Records from a dataset:
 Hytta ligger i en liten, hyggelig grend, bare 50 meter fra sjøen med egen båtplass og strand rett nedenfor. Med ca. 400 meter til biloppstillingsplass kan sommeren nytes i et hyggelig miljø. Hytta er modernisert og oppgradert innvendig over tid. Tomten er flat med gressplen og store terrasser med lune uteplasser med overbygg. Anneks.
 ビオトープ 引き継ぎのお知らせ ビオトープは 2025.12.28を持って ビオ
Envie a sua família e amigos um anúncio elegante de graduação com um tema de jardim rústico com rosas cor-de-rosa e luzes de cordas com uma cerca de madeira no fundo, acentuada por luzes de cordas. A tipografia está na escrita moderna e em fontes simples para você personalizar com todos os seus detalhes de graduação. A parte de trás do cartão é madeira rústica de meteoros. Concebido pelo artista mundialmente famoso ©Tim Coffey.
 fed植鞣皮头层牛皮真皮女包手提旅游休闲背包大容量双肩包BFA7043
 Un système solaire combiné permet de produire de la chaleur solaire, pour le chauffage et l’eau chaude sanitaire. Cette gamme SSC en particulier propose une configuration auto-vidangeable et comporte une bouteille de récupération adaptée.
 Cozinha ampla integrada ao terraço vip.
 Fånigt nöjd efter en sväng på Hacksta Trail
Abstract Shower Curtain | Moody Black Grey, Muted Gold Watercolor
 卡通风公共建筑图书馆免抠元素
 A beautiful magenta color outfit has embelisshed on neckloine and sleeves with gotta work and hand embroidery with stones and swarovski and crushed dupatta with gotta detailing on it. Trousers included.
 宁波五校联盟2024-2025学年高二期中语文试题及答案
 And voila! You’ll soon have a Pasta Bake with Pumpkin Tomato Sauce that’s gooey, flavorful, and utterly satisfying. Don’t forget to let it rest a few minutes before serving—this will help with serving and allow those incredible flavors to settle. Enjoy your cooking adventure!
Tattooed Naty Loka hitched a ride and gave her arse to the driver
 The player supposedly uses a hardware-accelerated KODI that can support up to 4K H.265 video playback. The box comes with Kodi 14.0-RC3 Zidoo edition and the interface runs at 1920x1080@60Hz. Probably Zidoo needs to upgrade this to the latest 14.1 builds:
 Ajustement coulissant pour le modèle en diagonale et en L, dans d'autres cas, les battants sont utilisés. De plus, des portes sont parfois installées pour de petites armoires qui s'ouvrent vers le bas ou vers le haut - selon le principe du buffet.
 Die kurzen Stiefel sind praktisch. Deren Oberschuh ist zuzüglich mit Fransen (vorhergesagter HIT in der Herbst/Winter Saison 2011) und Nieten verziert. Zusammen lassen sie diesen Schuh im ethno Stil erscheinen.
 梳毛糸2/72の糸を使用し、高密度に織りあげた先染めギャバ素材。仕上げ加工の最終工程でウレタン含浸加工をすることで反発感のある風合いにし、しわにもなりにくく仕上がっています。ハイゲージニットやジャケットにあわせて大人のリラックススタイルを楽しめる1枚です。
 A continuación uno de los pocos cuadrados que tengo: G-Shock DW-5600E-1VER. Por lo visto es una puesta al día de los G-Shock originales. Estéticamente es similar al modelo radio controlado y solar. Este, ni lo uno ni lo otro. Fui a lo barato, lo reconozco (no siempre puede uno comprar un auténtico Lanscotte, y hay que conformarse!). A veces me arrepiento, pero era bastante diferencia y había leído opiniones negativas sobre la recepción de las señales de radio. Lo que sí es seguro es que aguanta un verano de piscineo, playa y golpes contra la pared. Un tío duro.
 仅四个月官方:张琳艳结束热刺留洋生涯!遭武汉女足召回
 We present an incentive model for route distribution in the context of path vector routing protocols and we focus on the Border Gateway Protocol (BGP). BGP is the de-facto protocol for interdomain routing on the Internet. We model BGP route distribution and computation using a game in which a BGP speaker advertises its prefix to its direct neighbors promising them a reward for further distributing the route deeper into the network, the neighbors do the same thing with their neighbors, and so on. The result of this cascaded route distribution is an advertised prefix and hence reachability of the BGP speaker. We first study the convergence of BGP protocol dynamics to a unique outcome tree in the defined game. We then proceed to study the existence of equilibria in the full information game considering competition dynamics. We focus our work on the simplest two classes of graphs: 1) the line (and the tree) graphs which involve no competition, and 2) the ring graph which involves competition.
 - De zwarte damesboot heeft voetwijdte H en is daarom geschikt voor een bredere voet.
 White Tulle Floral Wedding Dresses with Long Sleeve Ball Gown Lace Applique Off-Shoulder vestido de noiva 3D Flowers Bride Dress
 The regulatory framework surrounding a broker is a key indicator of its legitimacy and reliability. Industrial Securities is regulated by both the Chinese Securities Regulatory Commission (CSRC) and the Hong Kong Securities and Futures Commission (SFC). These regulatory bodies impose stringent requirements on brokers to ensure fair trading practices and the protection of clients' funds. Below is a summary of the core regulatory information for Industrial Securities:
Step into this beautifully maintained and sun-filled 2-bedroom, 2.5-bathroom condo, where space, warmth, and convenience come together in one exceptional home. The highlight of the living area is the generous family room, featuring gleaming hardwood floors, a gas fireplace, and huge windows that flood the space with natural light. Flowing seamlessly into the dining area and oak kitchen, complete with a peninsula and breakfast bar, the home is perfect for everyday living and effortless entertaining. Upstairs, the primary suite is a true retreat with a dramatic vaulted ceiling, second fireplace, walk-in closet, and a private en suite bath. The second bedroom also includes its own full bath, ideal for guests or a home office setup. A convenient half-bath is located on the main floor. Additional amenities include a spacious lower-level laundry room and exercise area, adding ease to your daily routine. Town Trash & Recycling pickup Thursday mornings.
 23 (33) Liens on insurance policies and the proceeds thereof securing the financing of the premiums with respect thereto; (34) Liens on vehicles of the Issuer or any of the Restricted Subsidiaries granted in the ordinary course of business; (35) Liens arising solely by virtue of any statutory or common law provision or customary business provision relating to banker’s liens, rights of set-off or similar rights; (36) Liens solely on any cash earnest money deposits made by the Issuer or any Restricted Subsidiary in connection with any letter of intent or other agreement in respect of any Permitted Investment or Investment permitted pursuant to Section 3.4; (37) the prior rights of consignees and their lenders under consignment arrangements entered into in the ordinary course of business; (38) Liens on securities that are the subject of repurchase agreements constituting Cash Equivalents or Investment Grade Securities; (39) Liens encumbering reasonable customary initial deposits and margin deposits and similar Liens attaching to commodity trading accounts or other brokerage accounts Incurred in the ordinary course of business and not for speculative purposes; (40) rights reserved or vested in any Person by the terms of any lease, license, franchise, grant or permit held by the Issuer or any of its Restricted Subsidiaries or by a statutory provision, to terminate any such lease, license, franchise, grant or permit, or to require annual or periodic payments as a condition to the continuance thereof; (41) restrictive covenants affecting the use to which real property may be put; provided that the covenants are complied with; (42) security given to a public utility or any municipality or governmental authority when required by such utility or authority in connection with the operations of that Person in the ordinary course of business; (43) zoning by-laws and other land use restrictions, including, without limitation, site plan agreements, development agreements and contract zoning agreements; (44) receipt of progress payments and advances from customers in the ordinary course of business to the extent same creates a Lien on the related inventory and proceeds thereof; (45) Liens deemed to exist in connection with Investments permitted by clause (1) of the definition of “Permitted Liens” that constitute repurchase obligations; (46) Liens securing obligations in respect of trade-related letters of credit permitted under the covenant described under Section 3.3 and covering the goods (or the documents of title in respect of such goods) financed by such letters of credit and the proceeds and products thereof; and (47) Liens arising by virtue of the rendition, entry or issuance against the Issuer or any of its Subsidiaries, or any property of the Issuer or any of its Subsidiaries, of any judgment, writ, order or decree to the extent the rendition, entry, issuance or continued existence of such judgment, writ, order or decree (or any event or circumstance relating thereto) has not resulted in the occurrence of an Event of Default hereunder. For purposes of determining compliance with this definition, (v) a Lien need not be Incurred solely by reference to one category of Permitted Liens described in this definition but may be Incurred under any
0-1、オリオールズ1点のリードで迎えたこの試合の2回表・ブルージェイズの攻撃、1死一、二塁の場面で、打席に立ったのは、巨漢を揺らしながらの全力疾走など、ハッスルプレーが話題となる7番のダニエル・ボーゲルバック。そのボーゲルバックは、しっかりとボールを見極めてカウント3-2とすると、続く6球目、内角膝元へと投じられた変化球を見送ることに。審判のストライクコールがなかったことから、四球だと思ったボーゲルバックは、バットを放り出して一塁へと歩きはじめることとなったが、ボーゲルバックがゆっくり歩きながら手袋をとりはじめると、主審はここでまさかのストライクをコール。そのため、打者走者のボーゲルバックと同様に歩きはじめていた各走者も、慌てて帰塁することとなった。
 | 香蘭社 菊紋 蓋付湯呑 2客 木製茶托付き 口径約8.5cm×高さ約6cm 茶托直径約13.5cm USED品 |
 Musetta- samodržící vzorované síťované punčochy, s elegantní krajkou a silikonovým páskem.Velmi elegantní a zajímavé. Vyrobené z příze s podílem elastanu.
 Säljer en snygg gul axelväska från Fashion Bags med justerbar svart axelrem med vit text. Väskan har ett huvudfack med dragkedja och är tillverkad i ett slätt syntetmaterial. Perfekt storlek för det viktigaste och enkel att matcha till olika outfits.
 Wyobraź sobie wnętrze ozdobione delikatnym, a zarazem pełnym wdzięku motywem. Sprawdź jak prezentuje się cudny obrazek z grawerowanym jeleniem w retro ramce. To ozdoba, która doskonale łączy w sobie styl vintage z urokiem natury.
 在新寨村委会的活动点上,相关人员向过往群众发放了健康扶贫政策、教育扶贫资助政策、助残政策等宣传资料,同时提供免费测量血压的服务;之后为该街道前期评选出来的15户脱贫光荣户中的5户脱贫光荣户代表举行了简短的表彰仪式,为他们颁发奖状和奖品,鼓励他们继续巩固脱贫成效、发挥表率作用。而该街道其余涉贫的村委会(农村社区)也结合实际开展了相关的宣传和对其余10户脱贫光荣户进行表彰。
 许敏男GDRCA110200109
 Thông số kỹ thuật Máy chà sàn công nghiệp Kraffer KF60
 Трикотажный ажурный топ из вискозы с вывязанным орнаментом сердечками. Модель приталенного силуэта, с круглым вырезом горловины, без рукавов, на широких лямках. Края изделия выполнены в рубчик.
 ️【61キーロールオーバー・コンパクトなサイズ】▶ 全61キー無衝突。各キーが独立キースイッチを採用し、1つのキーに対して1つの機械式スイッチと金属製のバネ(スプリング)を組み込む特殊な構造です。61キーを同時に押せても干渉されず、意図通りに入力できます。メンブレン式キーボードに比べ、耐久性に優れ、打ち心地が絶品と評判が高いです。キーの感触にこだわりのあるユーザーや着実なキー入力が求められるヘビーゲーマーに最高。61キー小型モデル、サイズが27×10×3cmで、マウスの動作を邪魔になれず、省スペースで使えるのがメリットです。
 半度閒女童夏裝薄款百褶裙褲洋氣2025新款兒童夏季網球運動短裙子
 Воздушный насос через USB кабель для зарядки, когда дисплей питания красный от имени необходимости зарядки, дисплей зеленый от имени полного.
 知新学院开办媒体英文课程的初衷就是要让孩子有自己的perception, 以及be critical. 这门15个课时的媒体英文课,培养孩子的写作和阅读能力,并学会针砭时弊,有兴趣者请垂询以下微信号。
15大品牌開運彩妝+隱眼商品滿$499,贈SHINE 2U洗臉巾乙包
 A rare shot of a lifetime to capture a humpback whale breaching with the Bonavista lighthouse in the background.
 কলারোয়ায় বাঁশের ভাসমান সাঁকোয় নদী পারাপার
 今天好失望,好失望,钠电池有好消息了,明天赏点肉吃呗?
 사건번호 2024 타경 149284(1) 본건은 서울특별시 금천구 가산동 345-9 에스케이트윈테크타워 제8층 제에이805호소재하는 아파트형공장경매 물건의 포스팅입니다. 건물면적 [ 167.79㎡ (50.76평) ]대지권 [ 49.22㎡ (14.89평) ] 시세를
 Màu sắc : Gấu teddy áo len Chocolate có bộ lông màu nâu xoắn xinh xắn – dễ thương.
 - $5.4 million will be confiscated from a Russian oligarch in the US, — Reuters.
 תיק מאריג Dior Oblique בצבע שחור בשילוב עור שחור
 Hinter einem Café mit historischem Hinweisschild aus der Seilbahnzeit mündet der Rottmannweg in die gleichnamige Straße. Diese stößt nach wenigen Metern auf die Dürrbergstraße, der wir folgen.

> _YOUR GOAL_:
Begin at the line above that has "A continuación uno" and stop after the line that has "White Tulle Floral", copying each line exactly and adding nothing else.

> _RESPONSE AREA_:
 A continuación uno de los pocos cuadrados que tengo: G-Shock DW-5600E-1VER. Por lo visto es una puesta al día de los G-Shock originales. Estéticamente es similar al modelo radio controlado y solar. Este, ni lo uno ni lo otro. Fui a lo barato, lo reconozco (no siempre puede uno comprar un auténtico Lanscotte, y hay que conformarse!). A veces me arrepiento, pero era bastante diferencia y había leído opiniones negativas sobre la recepción de las señales de radio. Lo que sí es seguro es que aguanta un verano de piscineo, playa y golpes contra la pared. Un tío duro.
 仅四个月官方:张琳艳结束热刺留洋生涯!遭武汉女足召回
 We present an incentive model for route distribution in the context of path vector routing protocols and we focus on the Border Gateway Protocol (BGP). BGP is the de-facto protocol for interdomain routing on the Internet. We model BGP route distribution and computation using a game in which a BGP speaker advertises its prefix to its direct neighbors promising them a reward for further distributing the route deeper into the network, the neighbors do the same thing with their neighbors, and so on. The result of this cascaded route distribution is an advertised prefix and hence reachability of the BGP speaker. We first study the convergence of BGP protocol dynamics to a unique outcome tree in the defined game. We then proceed to study the existence of equilibria in the full information game considering competition dynamics. We focus our work on the simplest two classes of graphs: 1) the line (and the tree) graphs which involve no competition, and 2) the ring graph which involves competition.
 - De zwarte damesboot heeft voetwijdte H en is daarom geschikt voor een bredere voet.
 White Tulle Floral Wedding Dresses with Long Sleeve Ball Gown Lace Applique Off-Shoulder vestido de noiva 3D Flowers Bride Dress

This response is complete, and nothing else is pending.